Every line of the listing is returned unchanged, and every picture is dropped.

====== Given data ======

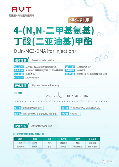 艾偉拓注射級DLIN-MC3-DMA**檢測18項,質(zhì)量可靠,GMP條件下生產(chǎn),高純度,雜質(zhì)可控,可接受定制化服務,歡迎來詢!
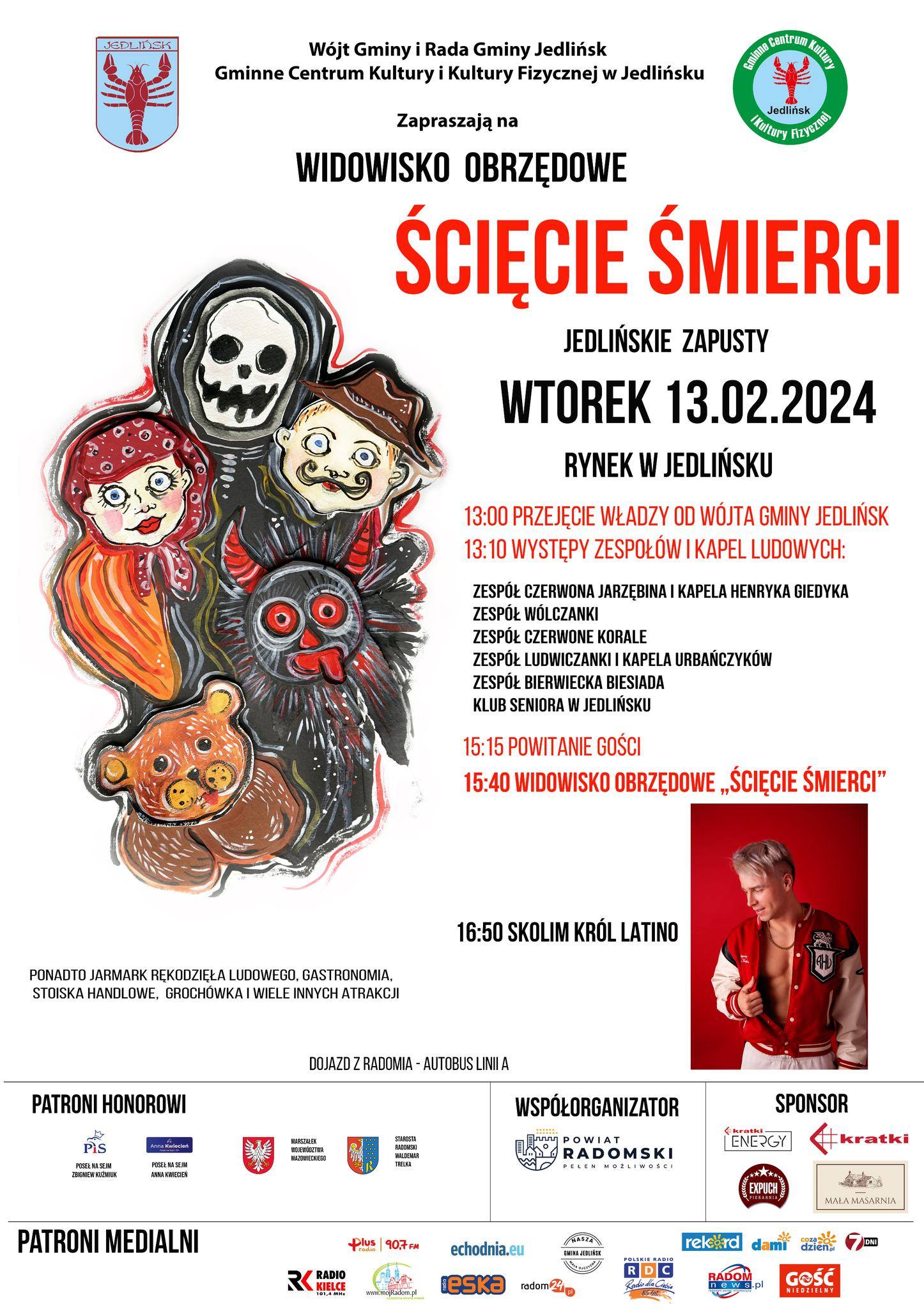 Wójt gminy Jedlińsk zaprasza wszystkich na widowisko obrzędowe Ścięcie Śmierci odbywające się w ramach Jedlińskich Zapustów 13 lutego 2024 roku godz.15.15
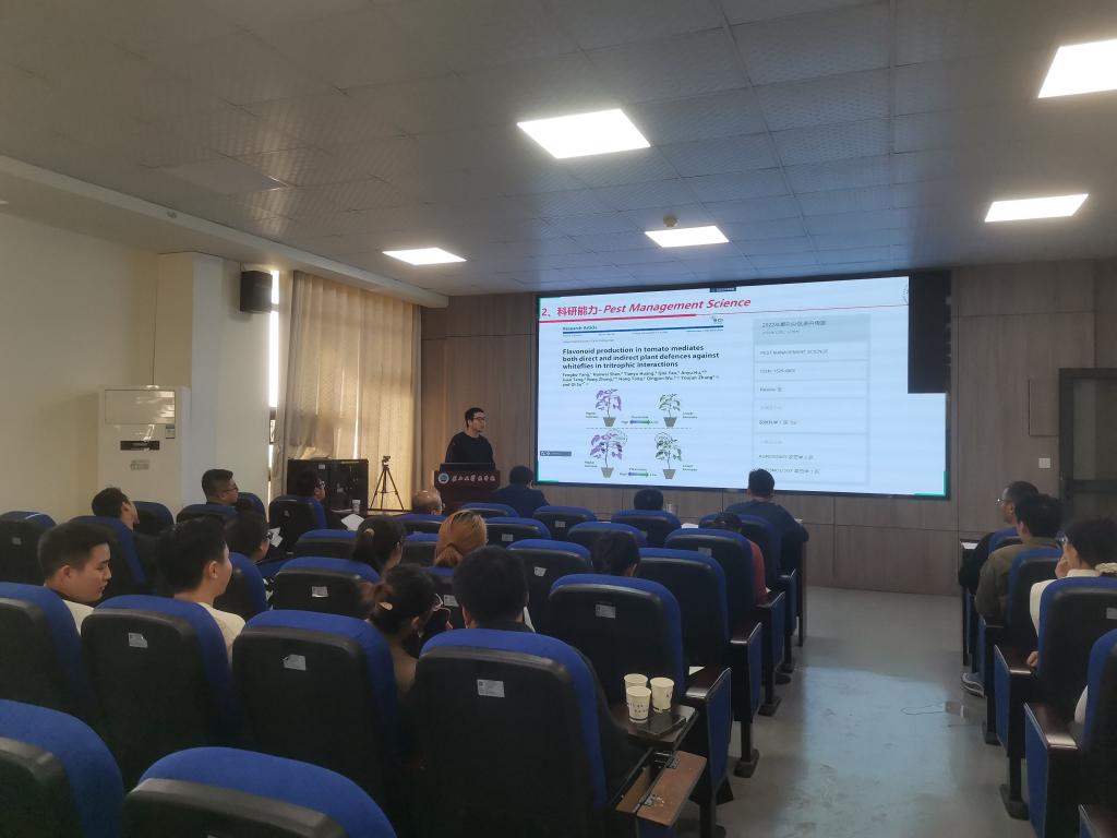 10月23日下午,77779193永利官网在农科大楼3073举行研究生学术沙龙活动。院党委副书记尹小华、院长助理苏奇出席沙龙。博士研究生代表李於亭、杨冯波,硕士研究生代表胡津瑜、苟亚楠分别进行分享汇报,50余名研究生同学参加了本次学术沙龙。
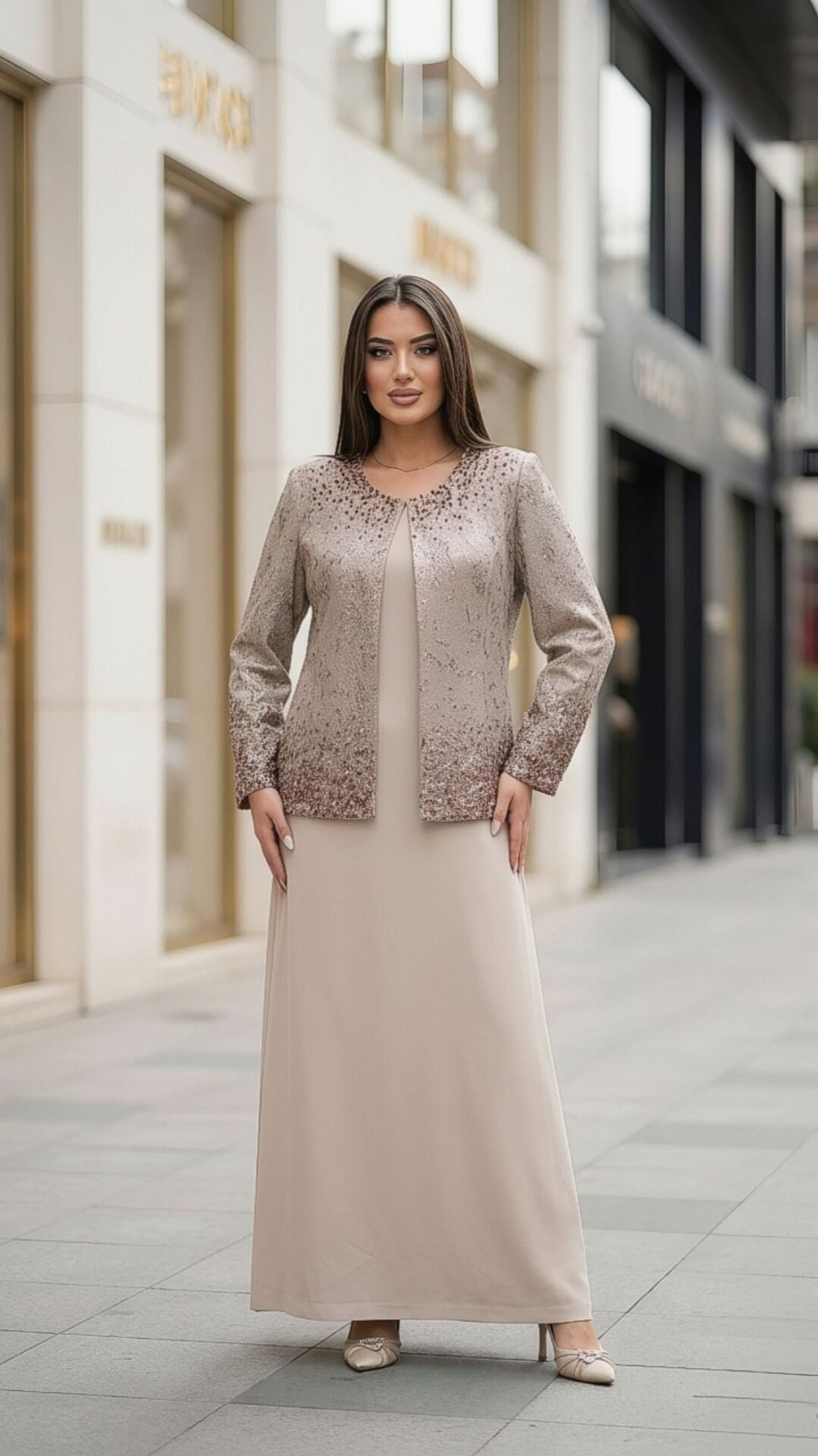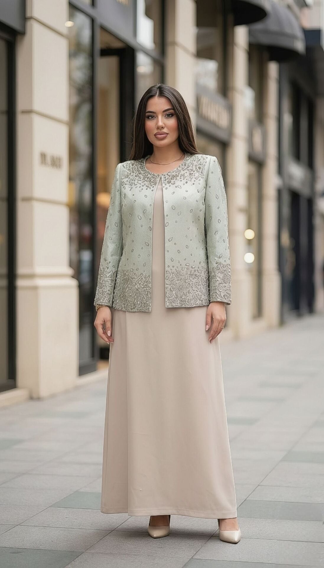 Model 1091, jakar kumaşın asil dokusu ile taş ve inci işlemelerinin zarafetini bir araya getirir. Hem güçlü hem feminen bir görünüm sunan bu özel tasarım, en özel anlarınızda şıklığınızla ön plana çıkmanızı sağlar.

======

» **Solution for this task**
 艾偉拓注射級DLIN-MC3-DMA**檢測18項,質(zhì)量可靠,GMP條件下生產(chǎn),高純度,雜質(zhì)可控,可接受定制化服務,歡迎來詢!
 Wójt gminy Jedlińsk zaprasza wszystkich na widowisko obrzędowe Ścięcie Śmierci odbywające się w ramach Jedlińskich Zapustów 13 lutego 2024 roku godz.15.15
 10月23日下午,77779193永利官网在农科大楼3073举行研究生学术沙龙活动。院党委副书记尹小华、院长助理苏奇出席沙龙。博士研究生代表李於亭、杨冯波,硕士研究生代表胡津瑜、苟亚楠分别进行分享汇报,50余名研究生同学参加了本次学术沙龙。
 Model 1091, jakar kumaşın asil dokusu ile taş ve inci işlemelerinin zarafetini bir araya getirir. Hem güçlü hem feminen bir görünüm sunan bu özel tasarım, en özel anlarınızda şıklığınızla ön plana çıkmanızı sağlar.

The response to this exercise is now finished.